1. Overview

Cheesewire is a modular intrusion detection system for Unix and Unix-like operating systems. It was originally developed on and for Solaris 7 boxes, and originally called SIDS. Cheesewire is easily extendable --- simply add another module.

The system is written in Perl; the CPAN modules Digest::MD5, Proc::ProcessTable and Algorithm::Diff are required. Some system utilities are required by some of the modules --- netstat and lsof at the time of writing. netstat is a standard utility to be found on all(?) Unix-like operating systems; lsof can be found at freshmeat.net.

Cheesewire is, as far as possible, when installed and configured correctly, a self-contained system: ideally statically-linked, private copies of required binaries — perl, netstat and lsof system utilities are used; private copies of any shared-objects (libraries) should be used, with dynamic-linking paths (e.g., LD_LIBRARY_PATH) set appropriately.
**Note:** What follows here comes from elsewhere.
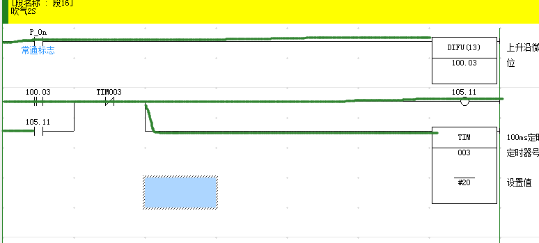 當設備處在原點位置的時候,10003是保持接通的,所以我就想采樣它的上升沿作為吹氣的信號,用T3定時器計時2S

In a perfect world the installation is run from read-only media.

Cheesewire is started by calling the sids shell script. This sets the LD_LIBRARY_PATH environment variable to ensure that private copies of OS libraries are used, rather than those in /lib, /usr/lib, etc., in case dynamically-linked binaries are in use, and then calls the main Perl script, sids.pl. sids.pl loads chosen modules and initialises each; on initialisation each module loads its own configuration information. sids.pl then enters the main loop:

    while (1) {
        foreach module (module_list) {
            if (module->time_to_run) {
                module->run_intrusion_checks;
              }
          }
        sleep a while;
      }
Thus some module's intrusion checks are run more frequently than others. The overall load on the system is low since most of the time Cheesewire is sleeping; network connections, processes, etc., are polled only periodically — this is the chief weakness in the system.

Configuration of the installation is contained within SID_Config.pm; configuration of individual modules is contained within Modules_Config.om and the corresponding signatures within <sids_root>/etc. In common with many intrusion detection systems, configuration is non-trivial --- though not difficult.

Output from each module can be found within <sids_root>/var/log/<module_name>.log. The main script, sids.pl sends its output to stdout, hence if not debugging one might start Cheeswire via

    cd <cheesewire_directory>/src
    ./sids >& ../var/log/sids.log &

(Cheesewire is the name for the system; there is also a module which takes the name, IDM_cheesewire, which offers Tripwire-like functionality. This should lead to a certain amount of confusion.)



...cont'snext...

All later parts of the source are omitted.